# Clutch of 9.



## Anyfoot (May 8, 2018)

This is a clutch of 9 from last August, So nearly 10 months old and weigh around 130g. 
Again, some are smooth and some have minor pyramiding going on. 
I wanted to slow growth down a bit so I changed the diet. These have been fed predominantly greens/weeds. Protein once a month in the form of catfood. No mushrooms and occasionally some fruit(like 2 or 3 times per month at the most). For the last 5 months I’ve sprinkled a small amount of nutrobal on their food daily to make sure they got enough vitamins and calcium because of the lack of fruit intake. 
I soaked them daily for first 3 months then backed off sharply to 2 or 3 times a wk. 
Humidity is at 80/85%. I have no heat source anywhere near these guys so no artificial drying out of the carapace was possible at any time(3 days ago was the first time I’ve had them outside in the sun). 

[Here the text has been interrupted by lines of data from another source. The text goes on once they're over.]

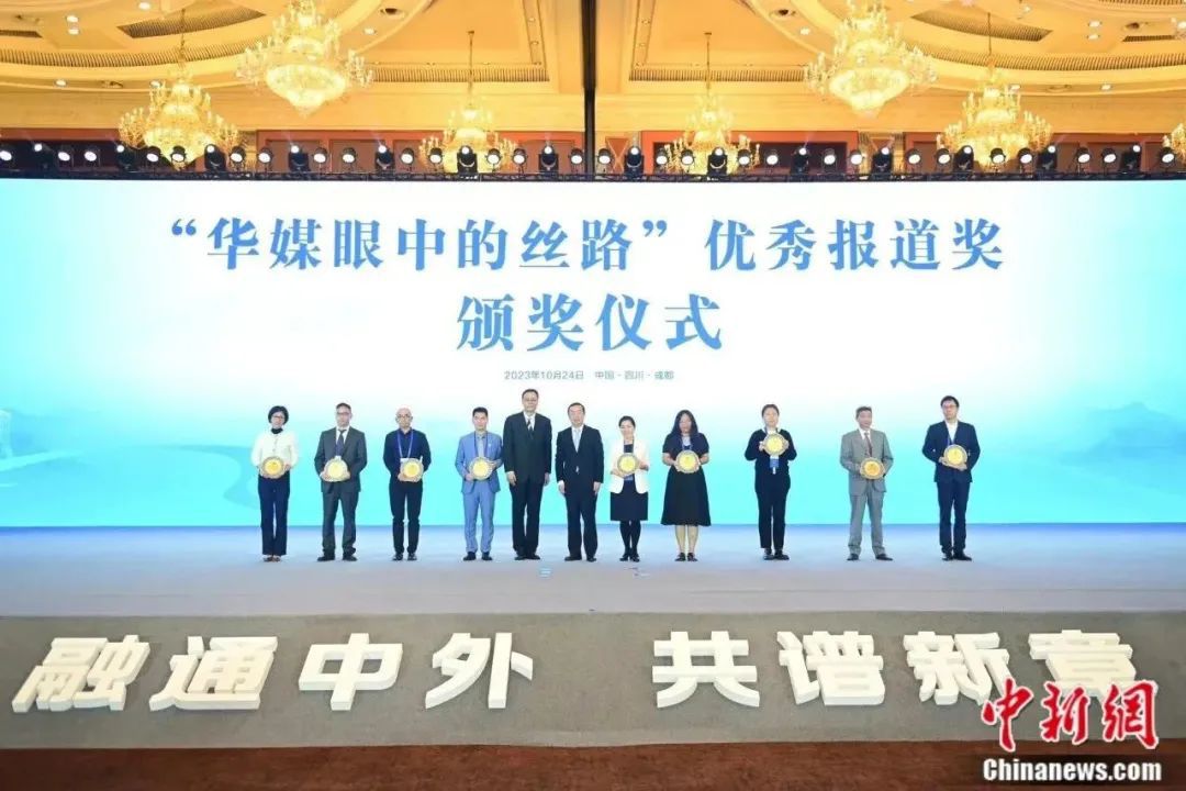 今年是共建“一带一路”倡议提出十周年,华文媒体充分报道了“一带一路”倡议,涌现了一大批新闻佳作。中国新闻社与世界华文媒体合作联盟组织开展“华媒眼中的丝路”报道及作品征集活动,评选出20件优秀作品。“华媒眼中的丝路”优秀报道奖颁奖在闭幕式上举行。
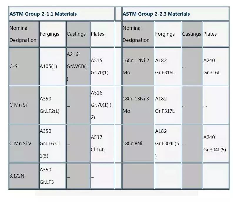 作為舉例,以下是按照ASTM劃分的兩組材料和他們按照ASME B16.5的壓力-溫度額定值。
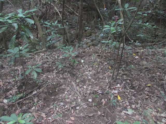 經烏洲塘東面的谷地,沒有廢屋,只餘零散石堆,而且滿是野豬翻土的痕跡:
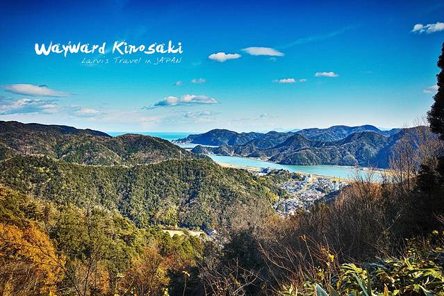 天气晴朗的城崎,在最高的山顶俯瞰小镇,远眺大海,左侧那片蓝蓝的海域是日本海,天空中零星飘着几朵白云
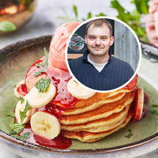 6Подавать панкейки, выложив их на тарелке стопкой. Сверху полить клубничным вареньем, рядом положить дольки банана и сверху шарик клубничного мороженого. Украсить лепестками мяты.
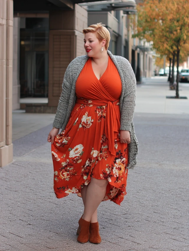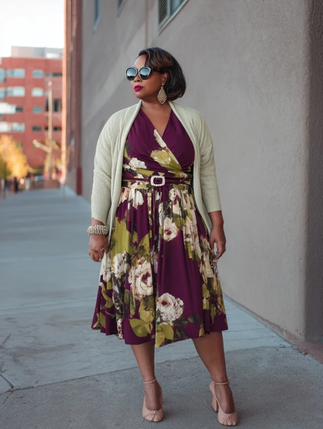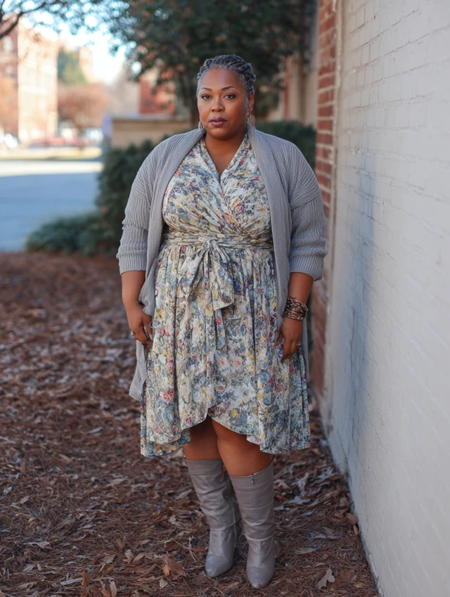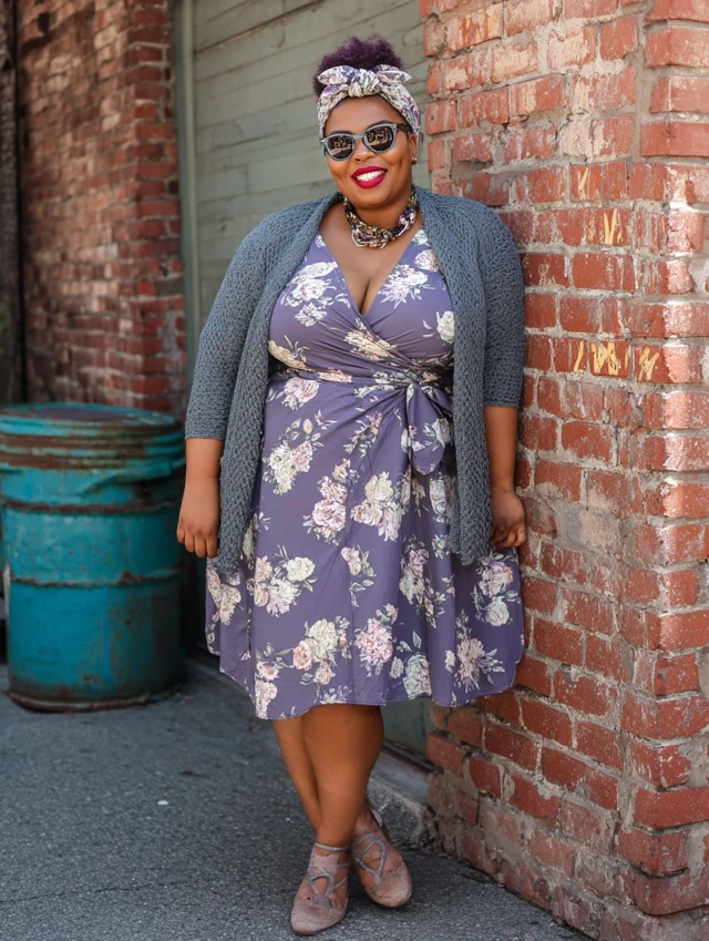 Why It Works: A wrap dress creates curves and offers freedom of movement, while a cardigan adds layers of polish.
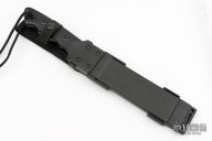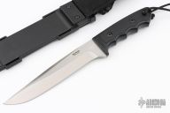 This SOK by Hill Knives Holland features a satin finished blade with false top edge, .194" blade stock and 1.407" blade depth, hidden tang construction. The handle is black polycarbonate grip. Comes with a black composite sheath. Has a couple light scratches, otherwise excellent condition.
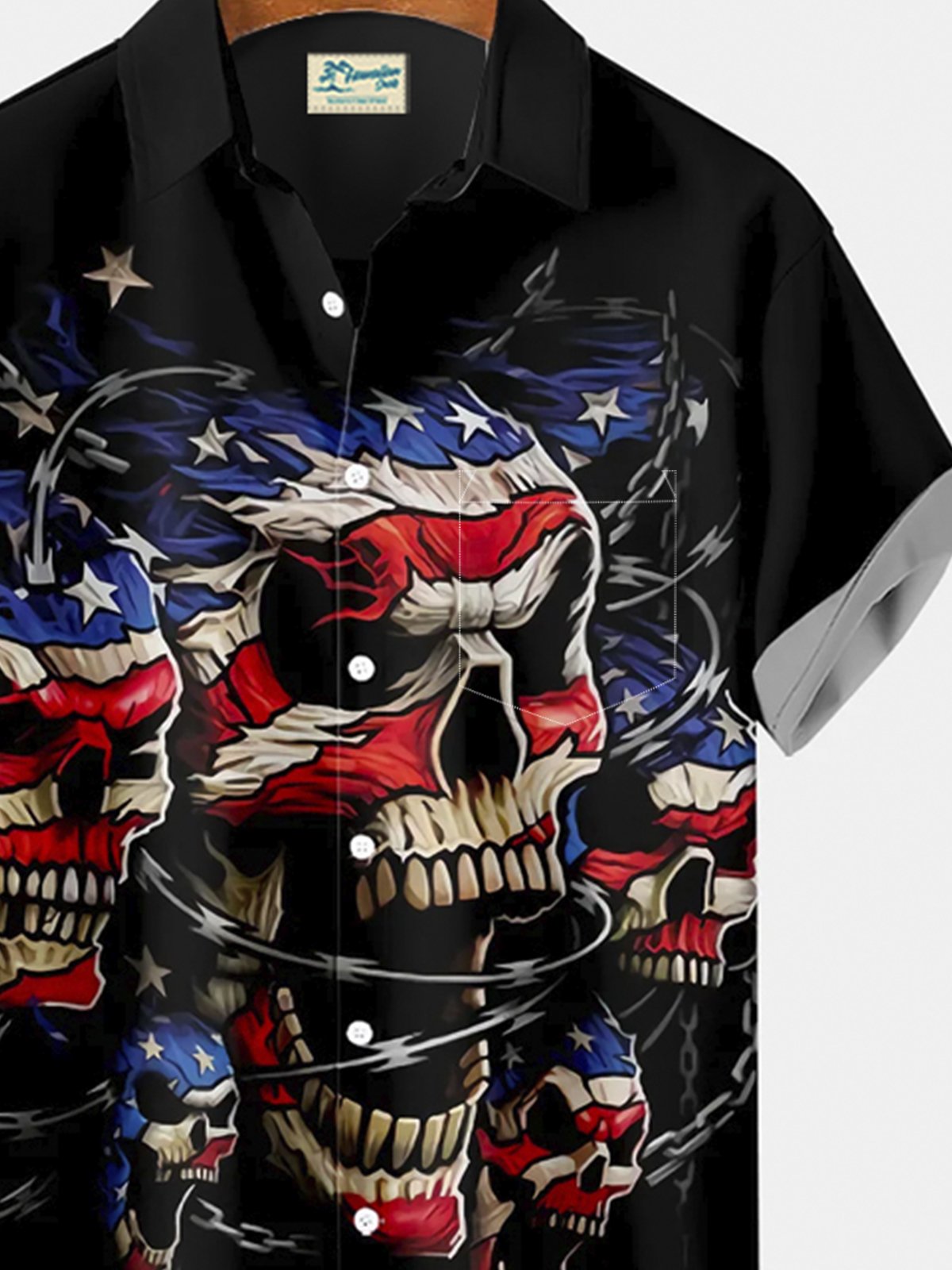 Alohadaddy Pocket American Flag Independence Day Skull 4th July Print Men's Big And Tall Shirt
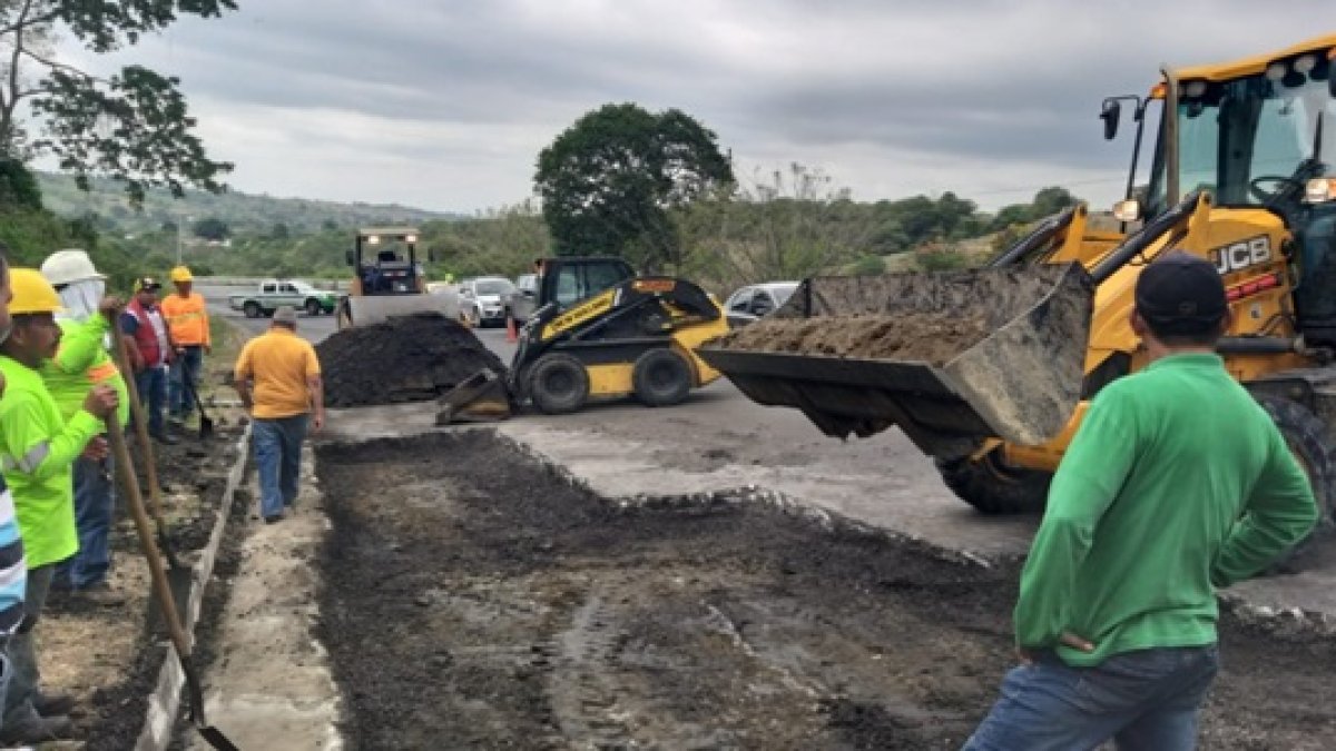 “Con apoyo de personal de la microempresa de conservación vial “La Pila”, se inició con el bacheo entre los kilómetros 36 al 38, desde el puente El Junco”, informó el Ministerio.

Even at 80/85% humidity the carapace still dries out within the hour. 

There’s still got to be a variable to get different levels of smoothness. 

I can only think of micro climates within my enclosure, maybe some are drying out in the open 80/85% humid air and others dig in. 

No matter what I feed or the speed that any of my torts grow at, I get differences in smoothness. 

The plot thickens.


----------



## daniellenc (May 8, 2018)




----------



## daniellenc (May 8, 2018)

@Anyfoot hrre is my just now 1 year old excuse the poo. Soaked daily, humidity in closed chamber always high, but wasn’t fed to grow slow. However lately he’s looking quite pyramided and I keep wondering what I’ve done wrong.


----------



## Anyfoot (May 8, 2018)

daniellenc said:


> @Anyfoot hrre is my just now 1 year old excuse the poo. Soaked daily, humidity in closed chamber always high, but wasn’t fed to grow slow. However lately he’s looking quite pyramided and I keep wondering what I’ve done wrong.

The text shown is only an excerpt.